On the show, your mother talks a lot about her vagina. Is she like that in real life?
Oh, my god. Anyone who knows my mum and has watched the show is like, “Wow, that’s a really tame representation of your mother.” In real life she’s an R-rated version of the M-rated character you see on the show!
Since The Family Law’s content is based on true events, is it hard to watch?
There’s that saying; tragedy plus time equals comedy, right? Enough time has passed since I was 14 that this stuff doesn’t really affect me anymore. But in episode one of the series there’s a scene where Jenny, the mum, kicks out Danny, the dad, and she turns around and realises all her kids have been watching. When I saw the rough cut of that it really got emotional for me.
What do you hope viewers get from watching the show?
A sense of companionship. A lot of people who feel like outsiders haven’t seen themselves on screen. I think young queer people and Asian-Australians and people who have inappropriate, cringe-worthy mothers, people with divorced parents… those people aren’t represented on screen enough. When I look back at my childhood, I wish I’d had a show like this to watch.

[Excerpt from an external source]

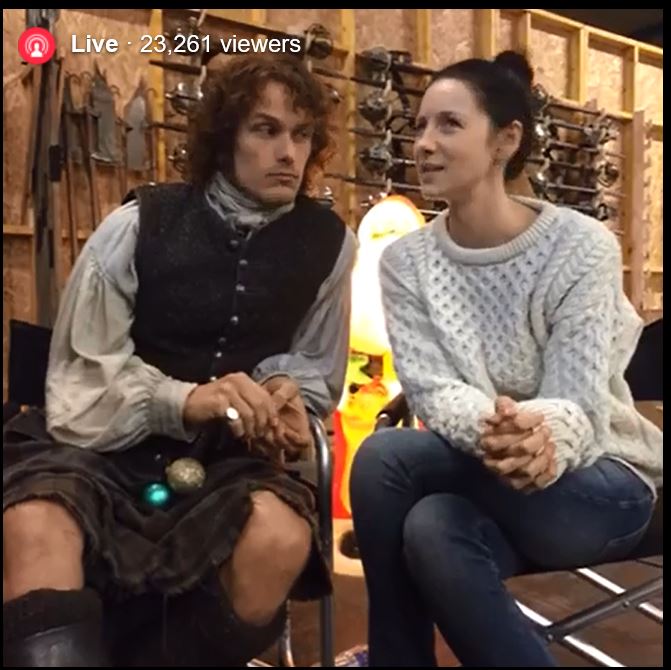 Sam Heughan and Caitriona Balfe gave Outlander Fans a special treat today – Live Streaming a Chat on Facebook. The chat lasted only about 15 minutes but was wide-ranging as they took questions from fans.

If you could have anyone join the cast who would you choose and why?
Adam Liaw [celebrity chef]. He’s also on SBS and he’s met the cast at functions and we’re always like, “You love us, we love you, we should just write a dirty character for you.” And Poh [Ling Yeow, celebrity chef] as well. Oh, and Penny Wong! In a dream sequence!
What’s the most memorable thing a fan has ever said to you?

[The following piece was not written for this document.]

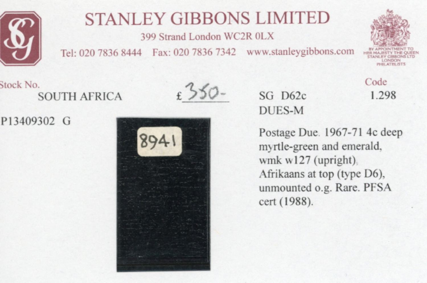 SOUTH AFRICA POSTAGE DUE 1967/71 - 4 cent. deep myrtle green and emerald, wmk w127 upright, type D6 (S.G.62C), mint never hinged, original ... Read more

After I wrote my first book The Family Law, there were a few people who came out to me online because, I think, there’s safety in writing to someone you don’t know. There’s a chapter in the book about my coming-out and how my parents hilariously responded to it.

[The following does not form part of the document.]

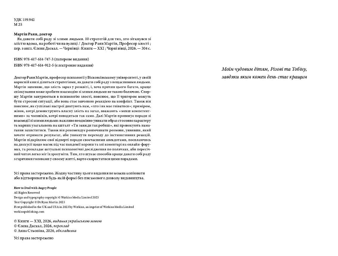Мартін підкріплює свої відверті поради своєчасними анекдотами, посилаючись на дискусії щодо масок під час пандемії корони та злі коментарі на онлайн-форумах, та розкладає актуальні психологічні дослідження по поличках, аби пересічний читач легко міг їх зрозуміти. Тим, хто шукає способів краще давати собі раду з гарячими головами у своєму житті, варто скористатися цими порадами.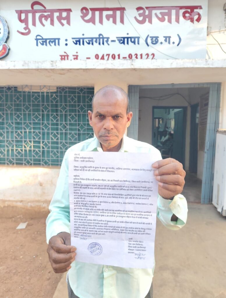 इसके बाद न्याय की उम्मीद में पीड़ित परिवार जांजगीर पुलिस अधीक्षक कार्यालय पहुंचा, जहां से उन्हें अजाक थाना भेज दिया गया। पीड़ित परिवार ने पुलिस प्रशासन से मांग की है कि आरोपियों के खिलाफ अनुसूचित जाति एवं जनजाति (अत्याचार निवारण) अधिनियम, 1989 तथा भारतीय दंड संहिता की संबंधित धाराओं के तहत तत्काल मामला दर्ज कर कड़ी कानूनी कार्रवाई की जाए। साथ ही परिवार को सुरक्षा प्रदान की जाए। अब देखना होगा कि अपने बेटे को खो चुके इस पीड़ित परिवार को न्याय मिल पाता है या फिर उन्हें यूं ही थानों के चक्कर लगाने के लिए मजबूर होना पड़ेगा।

My mum said, “There’s nothing wrong with coming out, it just means that something went wrong in the womb.” My mum was very supportive and I came out to my dad by the time I had a boyfriend who he already knew, just not as my boyfriend. When you come from a non-Anglo family, attitudes towards being gay are more conservative and it gave [readers of the book] courage. That wasn’t what I was thinking of when I wrote it but it’s been a gorgeous side affect of getting my story out there.
So, what is your coming-out story?
I didn’t grow up in a city and knew I was going to go to university and get to leave everything behind. That’s an appealing prospect if you grow up gay in the suburbs. I came out at 17 to my mum and then, years later, to my more conservative dad. I’m so grateful because by that stage they had seen something of the world and they knew that a heterosexual married life isn’t necessarily for everyone – because they lived through that. That helped them think, “If our son’s gay, at least he’s happy and healthy and why should there be anything wrong with that?”
Hopefully we get to see Ben’s coming out story in the show eventually.
I hope so, too!
Tell us about your boyfriend…
His name’s Scott Spark. I know it sounds like a porn name but it’s his real name. He’s a recording artist. We’ve known each other since we were teenagers. We’ve been together for nearly half our lives but it doesn’t feel that long because it’s easy to be with someone that long when they’re the best person you’ll ever meet. I know that sounds really fucking sappy.
Wait, is this the same guy you were saying that your dad knew?
Yeah! Because he worked at my dad’s restaurant for a while when I was working there, too. We hooked up after a shift.
His character could potentially make his way into the show?
Funny you should say that… Not this series. It’s something we’ve discussed. It depends how long we can keep the show going.
Is it true that some of Scott’s songs are inspired by you?
He writes our history in a similar way that I write my family’s history. It’s like a beautiful time capsule; like someone painting your portrait.
THE FAMILY LAW (TOP LEFT AND RIGHT) DIVORCE, MUM’S VAGINA AND SCHOOL CONCERTS. (INSET) THE REAL BEN LAW: “THE SHOW IS A LOVE LETTER TO MY FAMILY.”